In the letter, published on June 24, BALII demanded that the BSE’s board of directors be changed because “the governing style of the BSE’s management in the past year was marked by sidelining the opinions of professionals in the field”. The letter said that BSE management had kept them in the dark when taking decisions.
BALII’s members are shareholders at the BSE. The biggest shareholder is the Finance Ministry with its 44 per cent. The remaining stocks are split between investment intermediaries, commercial banks, institutional investors and physical entities.
The letter did acknowledge the BSE’s good financial results in 2007 but described them as insufficient and said that BALII’s members should have better representation on the board of directors. The Sofia Echo tried to contact BALII but could not reach them on the phone.
BALII’s letter came as BSE’s current management announced plans to pay out as a dividend 50 per cent of the profit after mandatory reserves and to give bonuses to board members. Shareholders will also vote on profit sharing worth a quarter of 2007 board members’ salaries.
This means that on June 30 the BSE will distribute 2.36 million leva, or a gross dividend of 0.40 leva a share, of its total profit of 5.2 million leva for 2007. In 2006 the BSE had a total profit of 1.67 million leva, which led to the BSE making its first dividend payout of 0.25 leva a share.
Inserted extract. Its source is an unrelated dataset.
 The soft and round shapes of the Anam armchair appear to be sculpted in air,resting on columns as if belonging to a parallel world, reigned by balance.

Overall, the BSE has a share capital of 5.87 million leva and its equity capital stood at 11.7 million leva in 2007. The profits from the two previous years went to a capital hike to 5.87 million leva from 293 393 leva. On June 25, the total daily turnover at the BSE was 8753 090 leva.
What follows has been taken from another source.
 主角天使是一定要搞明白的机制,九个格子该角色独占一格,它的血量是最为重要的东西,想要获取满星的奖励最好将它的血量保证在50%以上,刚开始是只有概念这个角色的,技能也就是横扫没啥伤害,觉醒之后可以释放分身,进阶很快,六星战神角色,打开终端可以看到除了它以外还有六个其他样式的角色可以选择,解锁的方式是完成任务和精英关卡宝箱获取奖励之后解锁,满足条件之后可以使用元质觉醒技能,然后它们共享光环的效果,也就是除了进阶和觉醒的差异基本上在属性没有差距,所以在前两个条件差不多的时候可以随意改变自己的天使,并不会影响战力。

The June 30 shareholders’ meeting will take place against the background of the launch of the BSE’s new trading platform Xetra on June 16, allowing more than 5000 stocks trading on the BSE to be visible by foreign financial houses and traders licensed to trade on other Xetra-traded exchanges elsewhere in the world. The process was marked by serious difficulties which almost led to the postponement of the launch. In the end, it was given the green light. The German XETRA trading system replaces the RTS system used until now and its implementation is in compliance with the stipulations of a five-year contract with Deutsche Bourse.